**Task directions:** All lines from the one containing "約1kmの川のコースを流されたり、飛び込んだりしながら進む冒険的プログラム!" to the end of the data below are to be returned exactly, both ends included, with nothing added.

**Available data:**
↓↓↓
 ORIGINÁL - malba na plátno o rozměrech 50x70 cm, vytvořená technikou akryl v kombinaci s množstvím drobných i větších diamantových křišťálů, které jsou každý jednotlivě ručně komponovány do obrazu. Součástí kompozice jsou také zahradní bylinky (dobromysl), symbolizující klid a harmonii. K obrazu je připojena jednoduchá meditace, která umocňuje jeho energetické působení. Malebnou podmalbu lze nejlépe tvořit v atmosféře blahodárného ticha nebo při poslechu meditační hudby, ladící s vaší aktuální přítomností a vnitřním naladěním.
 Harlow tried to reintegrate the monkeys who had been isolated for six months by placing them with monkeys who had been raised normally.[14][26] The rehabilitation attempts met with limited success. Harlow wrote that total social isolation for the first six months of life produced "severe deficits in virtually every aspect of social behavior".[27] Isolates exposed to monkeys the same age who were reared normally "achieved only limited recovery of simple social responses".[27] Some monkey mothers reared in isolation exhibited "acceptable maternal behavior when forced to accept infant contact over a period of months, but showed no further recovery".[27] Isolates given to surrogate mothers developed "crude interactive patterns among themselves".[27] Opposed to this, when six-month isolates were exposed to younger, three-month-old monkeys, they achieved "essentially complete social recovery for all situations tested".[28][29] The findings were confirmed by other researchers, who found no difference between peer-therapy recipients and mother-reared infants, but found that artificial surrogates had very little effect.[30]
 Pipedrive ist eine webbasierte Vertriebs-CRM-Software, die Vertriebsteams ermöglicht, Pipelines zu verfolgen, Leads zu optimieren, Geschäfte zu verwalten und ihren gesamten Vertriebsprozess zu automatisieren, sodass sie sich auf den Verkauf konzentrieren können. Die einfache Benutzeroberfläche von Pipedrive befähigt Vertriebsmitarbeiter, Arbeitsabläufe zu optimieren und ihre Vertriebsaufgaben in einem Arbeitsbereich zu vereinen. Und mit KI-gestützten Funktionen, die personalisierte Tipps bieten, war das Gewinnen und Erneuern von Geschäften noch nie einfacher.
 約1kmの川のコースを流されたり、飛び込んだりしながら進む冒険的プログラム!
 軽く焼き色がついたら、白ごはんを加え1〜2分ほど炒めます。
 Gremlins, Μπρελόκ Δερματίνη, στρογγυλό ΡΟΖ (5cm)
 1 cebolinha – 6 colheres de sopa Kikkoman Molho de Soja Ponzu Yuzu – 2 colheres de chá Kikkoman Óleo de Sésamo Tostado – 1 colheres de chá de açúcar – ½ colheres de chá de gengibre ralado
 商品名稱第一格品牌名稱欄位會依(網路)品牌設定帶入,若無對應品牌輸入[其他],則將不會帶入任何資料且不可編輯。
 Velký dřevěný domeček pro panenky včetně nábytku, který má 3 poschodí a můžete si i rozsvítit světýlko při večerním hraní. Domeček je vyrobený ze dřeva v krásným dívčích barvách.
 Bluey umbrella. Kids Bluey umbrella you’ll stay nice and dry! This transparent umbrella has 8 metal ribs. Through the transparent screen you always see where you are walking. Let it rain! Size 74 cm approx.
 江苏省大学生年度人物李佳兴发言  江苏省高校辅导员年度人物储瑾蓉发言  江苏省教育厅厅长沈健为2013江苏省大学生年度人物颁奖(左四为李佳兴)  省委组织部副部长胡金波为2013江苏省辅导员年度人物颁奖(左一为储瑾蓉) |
↑↑↑
**Response to the exercise:**
 約1kmの川のコースを流されたり、飛び込んだりしながら進む冒険的プログラム!
 軽く焼き色がついたら、白ごはんを加え1〜2分ほど炒めます。
 Gremlins, Μπρελόκ Δερματίνη, στρογγυλό ΡΟΖ (5cm)
 1 cebolinha – 6 colheres de sopa Kikkoman Molho de Soja Ponzu Yuzu – 2 colheres de chá Kikkoman Óleo de Sésamo Tostado – 1 colheres de chá de açúcar – ½ colheres de chá de gengibre ralado
 商品名稱第一格品牌名稱欄位會依(網路)品牌設定帶入,若無對應品牌輸入[其他],則將不會帶入任何資料且不可編輯。
 Velký dřevěný domeček pro panenky včetně nábytku, který má 3 poschodí a můžete si i rozsvítit světýlko při večerním hraní. Domeček je vyrobený ze dřeva v krásným dívčích barvách.
 Bluey umbrella. Kids Bluey umbrella you’ll stay nice and dry! This transparent umbrella has 8 metal ribs. Through the transparent screen you always see where you are walking. Let it rain! Size 74 cm approx.
 江苏省大学生年度人物李佳兴发言  江苏省高校辅导员年度人物储瑾蓉发言  江苏省教育厅厅长沈健为2013江苏省大学生年度人物颁奖(左四为李佳兴)  省委组织部副部长胡金波为2013江苏省辅导员年度人物颁奖(左一为储瑾蓉) |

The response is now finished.